On-chip memory may be kept private to a particular compute unit or may be shared among multiple compute units. Private on-chip memory means that the application will not need to contend for space with another application, and will get the full benefit of the on-chip memory. Shared on-chip memory can amortize the cost of on-chip memory over several compute units, providing a potentially larger pool of space that can be leveraged by these compute units than if the space was partitioned among the units as private memory. For example, four compute units can each have 1MB of on-chip memory dedicated to them. Each compute unit will always have 1MB regardless of the demand from other compute units. However, if four compute units share 4MB of on-chip memory, and if the different compute units use different amounts of memory, one compute unit may, for example, use more than 1MB of space at a particular time since there is a large pool of memory available. Sharing works particularly well when compute units use different amounts of memory at different times. Sharing is also extremely effective when compute units make use of the same memory locations. For example, if compute units are all working on an image in parallel, storing the image in a single memory shared among the units allows the compute units to more effectively cooperate on the shared data.

2.1.3 NETWORK-ON-CHIP

On-chip memory stores the data needed by the compute units, but an important part of the overall CSoC is the communication infrastructure that allows this stored data to be distributed to the compute units, that allows the data to be delivered to/from the on-chip memory from/to the memory interfaces that communicate off-chip, and that allows compute units to synchronize and communicate with one another. In many applications there is a considerable amount of data that must be communicated to the compute units used to accelerate application performance. And with multiple compute units often employed to maximize data level parallelism, there are often multiple data streams being communicated around the CSoC. These requirements transcend the conventional bus-based design of older multicore designs, with designers instead choosing network-on-chip (NoC) designs. NoC designs enable the communication of more data between more CSoC components.

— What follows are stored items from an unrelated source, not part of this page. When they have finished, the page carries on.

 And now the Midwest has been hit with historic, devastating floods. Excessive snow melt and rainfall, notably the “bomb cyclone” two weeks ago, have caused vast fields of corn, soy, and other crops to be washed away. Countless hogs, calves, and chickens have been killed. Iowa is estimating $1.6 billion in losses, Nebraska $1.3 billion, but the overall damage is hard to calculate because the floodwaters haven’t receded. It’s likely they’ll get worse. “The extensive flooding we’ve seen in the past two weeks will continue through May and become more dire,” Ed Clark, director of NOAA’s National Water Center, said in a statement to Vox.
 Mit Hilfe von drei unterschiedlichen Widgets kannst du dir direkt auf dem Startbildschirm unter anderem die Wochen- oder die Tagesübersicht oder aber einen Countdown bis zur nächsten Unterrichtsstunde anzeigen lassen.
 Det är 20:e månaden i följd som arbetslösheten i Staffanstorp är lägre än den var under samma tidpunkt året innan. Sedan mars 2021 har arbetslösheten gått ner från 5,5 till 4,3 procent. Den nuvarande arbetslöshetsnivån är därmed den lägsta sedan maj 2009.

Components interfacing with an NoC typically bundle transmitted data into packets, which contain at least address information as to the desired communication destination and the payload itself, which is some portion of the data to be transmitted to a particular destination. NoCs transmit messages via packets to enable flexible and reliable data transport—packets may be buffered at intermediate nodes within the network or reordered in some situations. Packet-based communication also avoids long latency arbitration that is associated with communication in a single hop over an entire chip. Each hop through a packet-based NoC performs local arbitration instead.

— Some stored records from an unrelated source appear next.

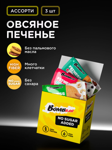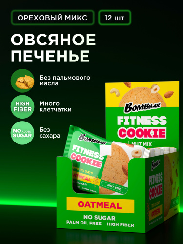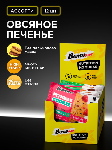 Bombbar Fitness Овсяное фитнес печенье без сахара Ассорти, 12шт х 40г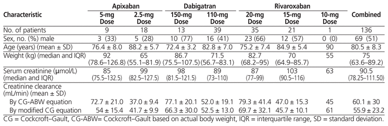 The assessments of discharge doses in relation to recommendations in the Canadian product monographs are summarized in Table 2. Overall, on the basis of the CG-ABW equation, the prescribed dose upon discharge was appropriate for 102 (75%) of the patients. For the 34 (25%) patients whose prescribed discharge dose was inappropriate on the basis of the CG-ABW equation, the prescribed dose was subtherapeutic for 20 (15% of the entire sample) and supratherapeutic for 14 (10%); within the latter group, 8 patients (6% of the entire sample) had a prescription for DOAC but should not have received this type of therapy because of renal insufficiency.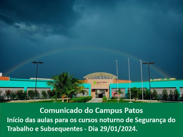 IFPB Campus Patos comunica início das aulas dos cursos Superior e Subsequentes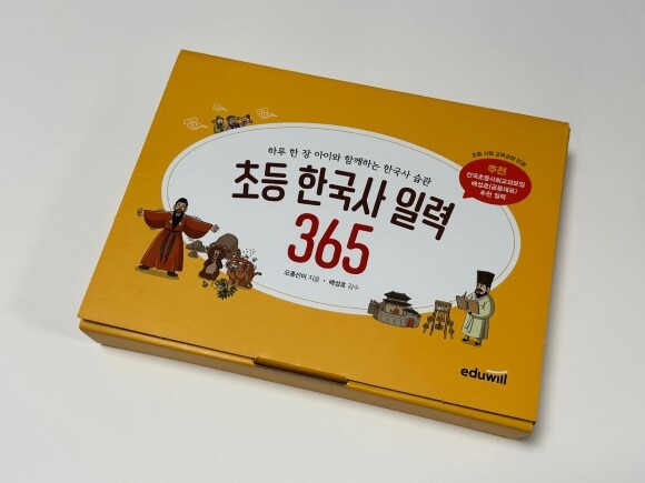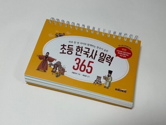 여기까지 정영욱 작가님의 일일 초등학생 한국사 일력 『초등 한국사 일력 365』을 소개해 드렸는데요. 한국사의 흥미로운 365개 주제를 그림과 사진으로 함께 구성하여 한국사를 처음 접하는 아이들에게 호기심을 불러일으켜 줘요. 또한, 짧은 형태의 설명으로 한국사 공부의 재미를 느끼게 해줘서 초등학생이 공부하기에 적합하더라고요! 저 같은 경우 초등학생인 조카에게 선물해 줬더니 매일매일 하루에 한 장씩 날짜에 맞춰 읽고 있다고 하더라고요. 한국의 다양한 설화와 신화, 주요 위인들, 한국사를 뒤흔든 사건, 유네스코 세계 유산 등 다양한 주제를 하루에 한 장씩 공부할 수 있어 초등 한국사 공부하기에 제격이에요. 초등학생 한국사 공부를 확실히 책임져줄 에듀윌 『초등 한국사 일력 365』으로 부모님과 함께 자녀들과 1년 동안 공부해 보시는 건 어떨까 싶어요.

The creation of an NoC involves a rich set of design decisions that may be highly customized for a set of applications in a particular domain. Most design decisions impact the latency or bandwidth of the NoC. In simple terms, the latency of the NoC is how long it takes a given piece of data to pass through the NoC. The bandwidth of the NoC is how much data can be communicated in the NoC at a particular time. Lower latency may be more important for synchronizing communication, like locks or barriers that impact multiple computational threads in an application. Higher bandwidth is more important for applications with streaming computation (i.e., low data locality) for example.

One example of a design decision is the topology of an NoC. This refers to the pattern of links that connect particular components of the NoC. A simple topology is a ring, where each component in the NoC is connected to two neighboring components, forming a chain of components. More complex communication patterns may be realized by more highly connected topologies that allow more simultaneous communication or a shorter communication distance.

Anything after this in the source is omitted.